AFRİN'İ İYİ OKUYABİLMEK
Kuzey Suriye'de yaşanan olayların çerçevesini ortaya koyarken, olayların boyutlarını sadece sınırlı atıflarla irdelemek ve en önemlisi son yıllarda meydana gelen sosyo- politik gelişmeleri, ekonomik çöküntüleri, yaşanan kayıpları,iç ve dış göçleri ve bunların yansımalarını göz ardı etmek iplik yumağına dönüşmüş coğrafyayı daha da muakket kılar düşüncesindeyiz.
Geleceğe yönelik adımların nasıl atılacağına dair bir tarih okumasıyla iyice belirlemek ve yaklaşımları ona göre şekillendirmek gerekir kanaatini taşıyoruz.
Bundan böyle , sorunun birer parçası olan farklı etnik kökenler arasındaki mevcut çatışmaları derinleştirebilecek " ipotek" bağlamlısı güçlerin , dış güçler adına yürütmekte oldukları vekalet savaşlarını (Proxy wars) daha da dayatmacı ve gerilim yüklü ve en önemlisi gevşek zeminli siyasi kısır döngü politikalara endeksleme gayretleri salt Afrin'i değil Kuzey Suriye'yi daha da içinden çıkılmaz bir kaosa sürüklemesi ve akabinde 'külli' (top yekun) bir felaketin tezahürü kaçınılmaz sonu da beraberinde getirebilir.
Bugün topraklarından kopartılan milyonlarca insanın derme çatma kamplarda yaşadıkları sorunları da göz ardı etmemek gerekir düşüncesindeyiz. Bu nedenle Afrin başta olmak üzere, tüm yerleşim alanlarının yeniden savaş öncesi konuma getirilebilmesi ne derece mümkün olabilecek acaba?
Burada asıl yapılması gereken imar ve iskandan çok yaraların nasıl kabuk tutacağı üzerinde odaklanmak gerekir düşüncesindeyiz. Bu konuda Sudan, Afganistan ve Irak, çok önemli birer örnek niteliğindedir.
Batı'nın asıl amacı, Suriye’de Müslümanı Müslümana kırdırma politikasına devam etmek ve en nihayetinde farklı etnik unsurları iyice birbirinden ayrıştırmaktır.
Birkaç gün önce Güney Sudanlı üst düzey yetkililerle sohbet ederken, Güney Sudan'ın ana gövdeden ayrılmakla neler kazanıp, neler kaybettiğini vücut dillerinden anlamak gayet mümkün idi.
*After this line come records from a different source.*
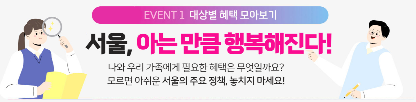 상당히 많은 서울시 정책들을 모두 확인하기 어렵기 때문에, 슬기로운 서울생활 사이트를 통해서 맞춤 혜택도 받고 이벤트도 참여하는 시간이 되었으면 좋겠습니다.
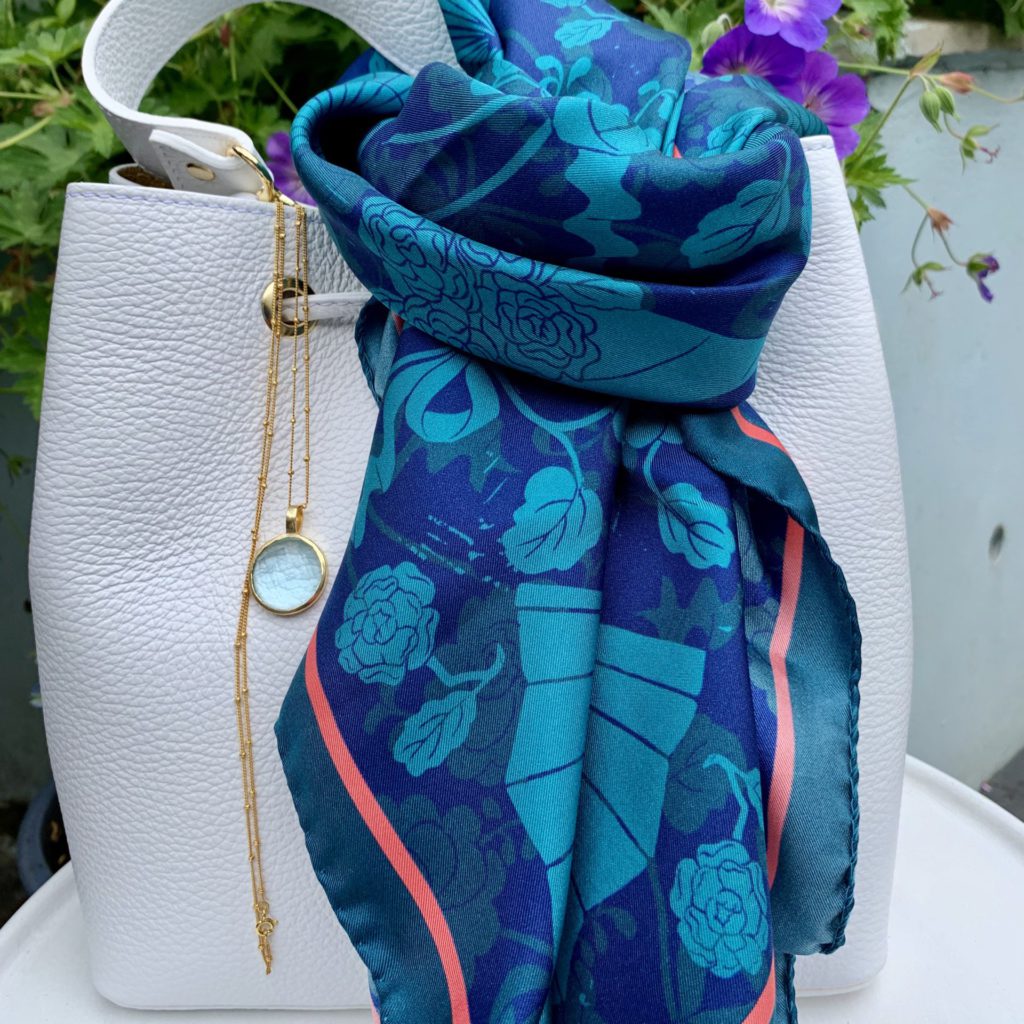 This scarf has a beautiful bold print of softly painted giant peonies in warm shades of red, orange, pink, yellow and turquoise. The background is a soft mix of creamy beige and light browns that is very flattering to most skin tones. The scarf is narrower than a typical pashmina, at 75cm and is in a fine wool and silk weave that will be cool enough to wear draped loosely in summer, but warm tied around your neck on colder days.
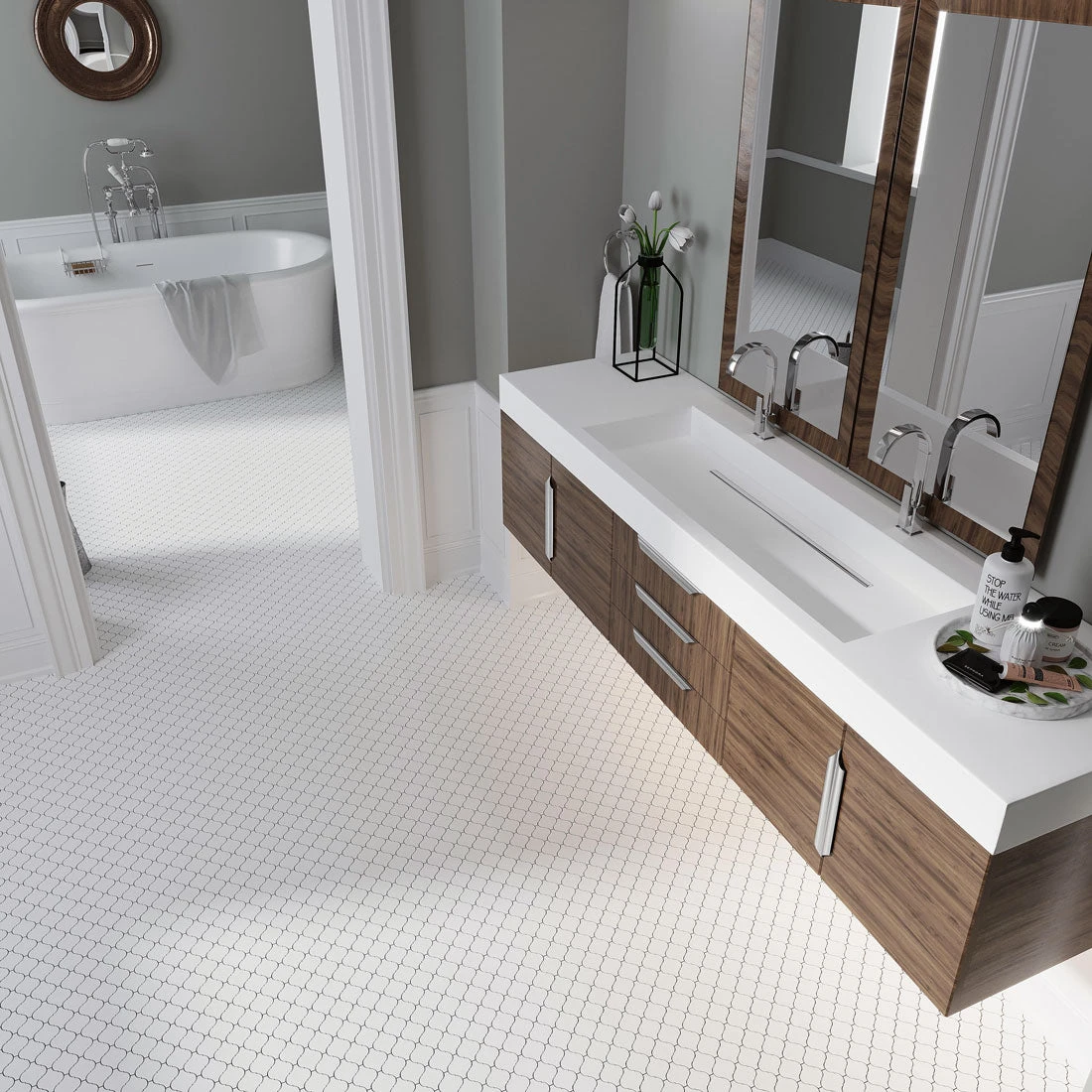 *Natural stone tiles, including marble, may display variations in color, finish, strength, and slip resistance. White marble may contain naturally occurring iron deposits that can lead to discoloration if used in areas prone to wet or damp, or if exposed to harsh chemical cleaners.
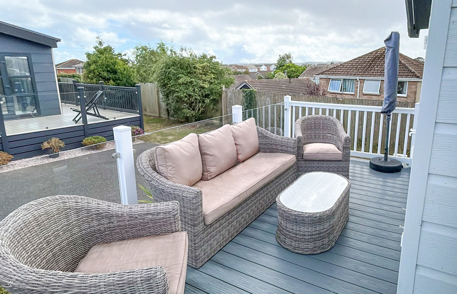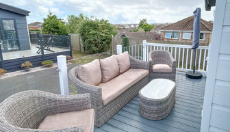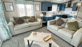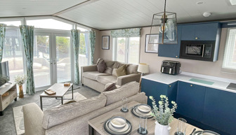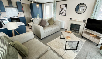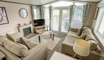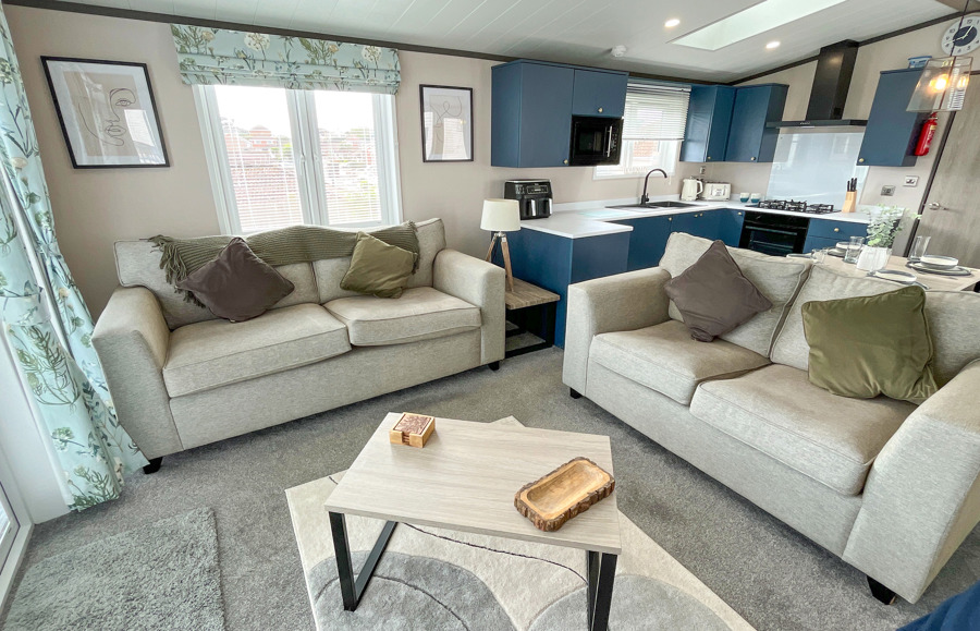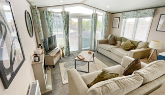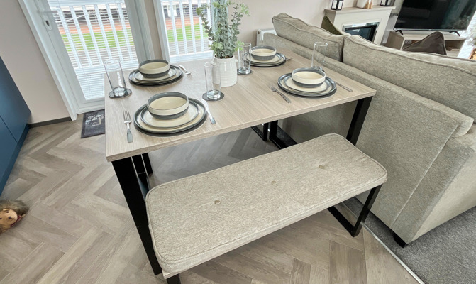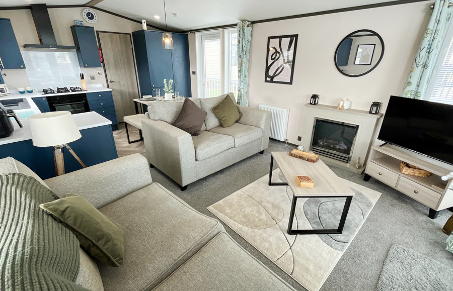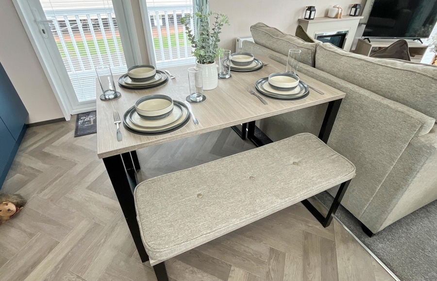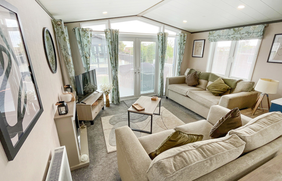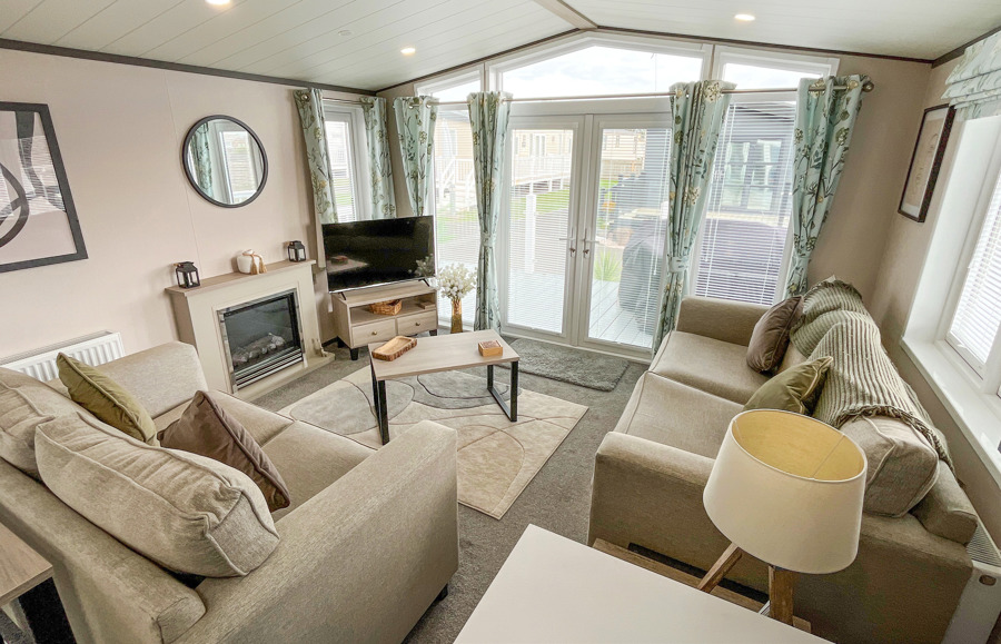 LOUNGE The open plan lounge incorporates 2 & 3-seater sofas, coffee table, French doors from lounge to veranda, electric fire, 40” TV & free view. Occasional sofa bed available for additional guests. Maximum 8 guests.

Çünkü Güney Sudan'da bağımsızlık sonrasında asıl kazananın İsrail olduğunu sağır sultan bile çok iyi irdeleyebilmektedir.
Bu arada çok yakın zamanda Sudan PCP Genel Başkanı Dr. Ali el Haj ile yaptığımız sohbette, dile getirdiği bir husus gayet içler acısı olsa gerek. Güney Sudan’da , bazı mahalli diller yanında asıl Arapça dilinin 'lingo franco' olmasına rağmen, şu anda İngilizcenin resmi dil olarak benimsenmesi düşündürücü olup, üzerinde önemle durulması gereken bir husustur. Dr. Ali Bey, Güney Sudan'da resmi dilin İngilizce olmasının ana gayesinin ileride Güney Sudan’ın, Kuzey Sudan ile birleşebilme umudunun önünü kesmeye yönelik olduğunu ifade ederken haklılığını ortaya koymakta idi.